[TASK GOAL] Each line in the listing below that contains "Jazz" should be returned.

(Beginning of DATA PROVIDED)

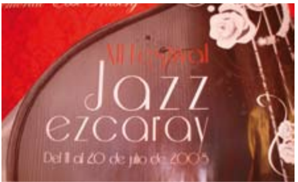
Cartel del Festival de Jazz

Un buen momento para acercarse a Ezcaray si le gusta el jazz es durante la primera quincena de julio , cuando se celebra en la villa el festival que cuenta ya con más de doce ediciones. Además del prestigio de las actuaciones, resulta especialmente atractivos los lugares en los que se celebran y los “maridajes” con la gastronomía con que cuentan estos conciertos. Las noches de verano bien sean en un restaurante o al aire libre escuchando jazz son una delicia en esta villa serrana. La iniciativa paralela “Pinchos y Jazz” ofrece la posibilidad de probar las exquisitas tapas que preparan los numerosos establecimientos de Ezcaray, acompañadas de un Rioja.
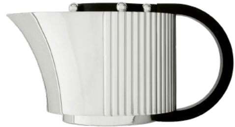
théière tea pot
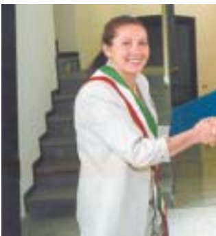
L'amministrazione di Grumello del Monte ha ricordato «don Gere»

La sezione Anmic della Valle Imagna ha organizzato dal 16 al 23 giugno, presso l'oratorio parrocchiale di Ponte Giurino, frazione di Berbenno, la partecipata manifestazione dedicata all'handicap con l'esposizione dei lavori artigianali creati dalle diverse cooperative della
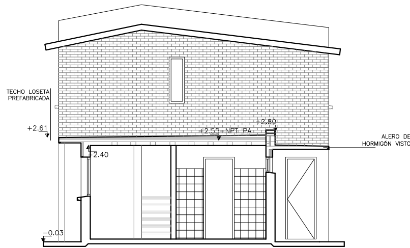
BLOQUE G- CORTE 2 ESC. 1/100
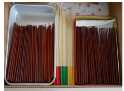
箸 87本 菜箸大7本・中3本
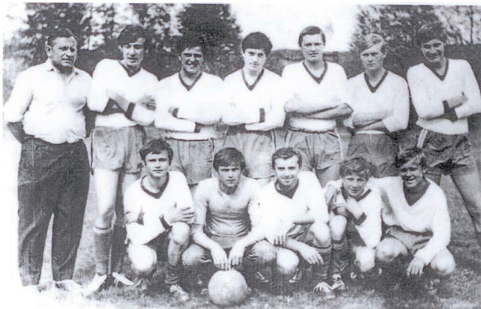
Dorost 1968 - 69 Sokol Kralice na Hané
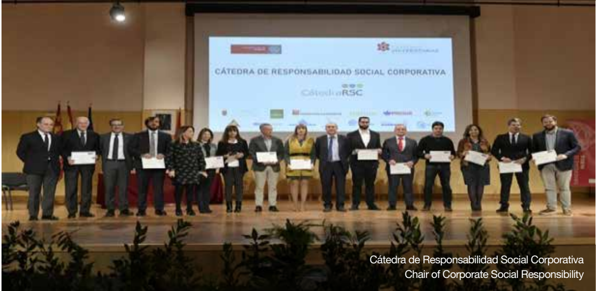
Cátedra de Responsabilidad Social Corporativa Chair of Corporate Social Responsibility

(End of DATA PROVIDED)
(Beginning of DATA PROVIDED)

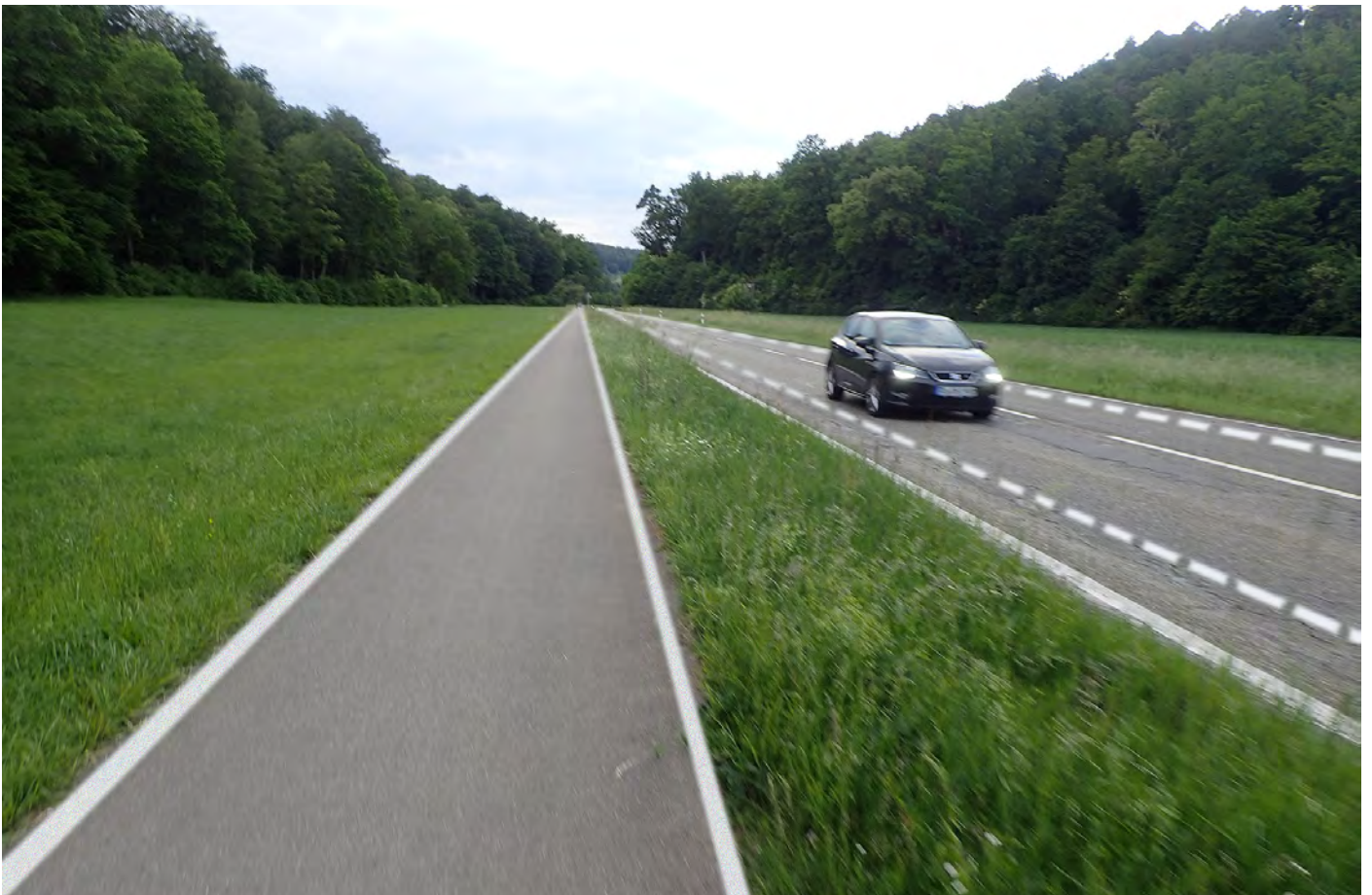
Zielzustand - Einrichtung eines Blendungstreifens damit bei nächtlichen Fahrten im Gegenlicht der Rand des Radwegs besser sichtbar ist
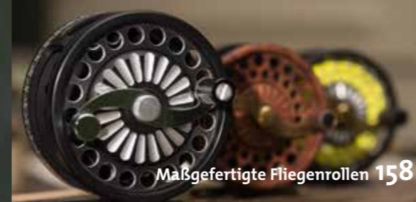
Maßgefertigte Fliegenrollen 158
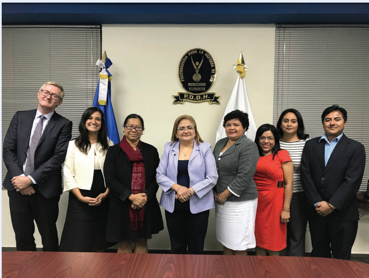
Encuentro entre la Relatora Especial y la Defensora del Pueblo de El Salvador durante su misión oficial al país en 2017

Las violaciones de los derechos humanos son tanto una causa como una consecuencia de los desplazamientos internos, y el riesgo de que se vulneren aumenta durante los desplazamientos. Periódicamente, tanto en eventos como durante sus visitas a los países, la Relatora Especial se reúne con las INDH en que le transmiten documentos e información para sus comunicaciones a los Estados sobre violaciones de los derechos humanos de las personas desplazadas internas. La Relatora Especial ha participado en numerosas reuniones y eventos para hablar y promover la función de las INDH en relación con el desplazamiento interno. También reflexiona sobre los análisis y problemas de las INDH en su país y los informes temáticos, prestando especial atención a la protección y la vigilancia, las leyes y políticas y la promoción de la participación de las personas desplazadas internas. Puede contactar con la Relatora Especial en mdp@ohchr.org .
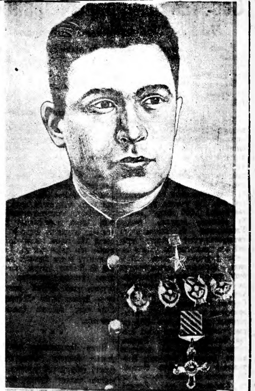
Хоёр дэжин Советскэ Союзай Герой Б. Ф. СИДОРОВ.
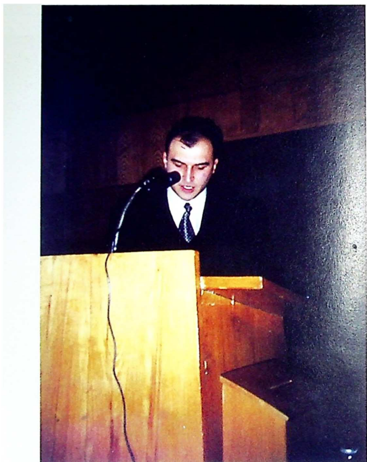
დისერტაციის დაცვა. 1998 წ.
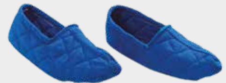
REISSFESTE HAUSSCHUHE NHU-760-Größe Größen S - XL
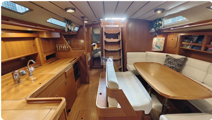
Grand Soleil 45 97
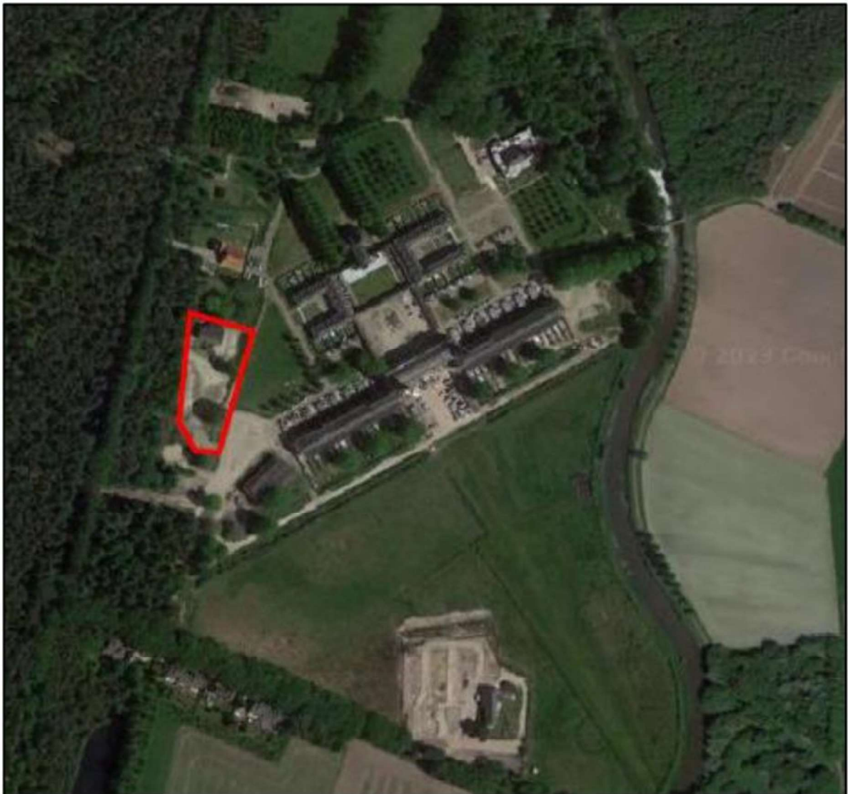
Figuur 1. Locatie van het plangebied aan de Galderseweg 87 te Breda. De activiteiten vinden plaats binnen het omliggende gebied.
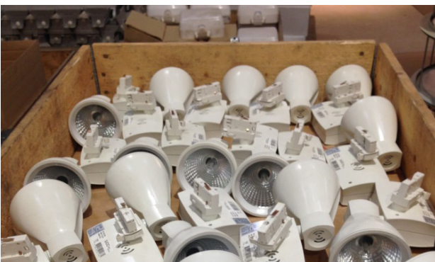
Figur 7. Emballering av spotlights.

(End of DATA PROVIDED)

[WORKED SOLUTION]
Cartel del Festival de Jazz
Un buen momento para acercarse a Ezcaray si le gusta el jazz es durante la primera quincena de julio , cuando se celebra en la villa el festival que cuenta ya con más de doce ediciones. Además del prestigio de las actuaciones, resulta especialmente atractivos los lugares en los que se celebran y los “maridajes” con la gastronomía con que cuentan estos conciertos. Las noches de verano bien sean en un restaurante o al aire libre escuchando jazz son una delicia en esta villa serrana. La iniciativa paralela “Pinchos y Jazz” ofrece la posibilidad de probar las exquisitas tapas que preparan los numerosos establecimientos de Ezcaray, acompañadas de un Rioja.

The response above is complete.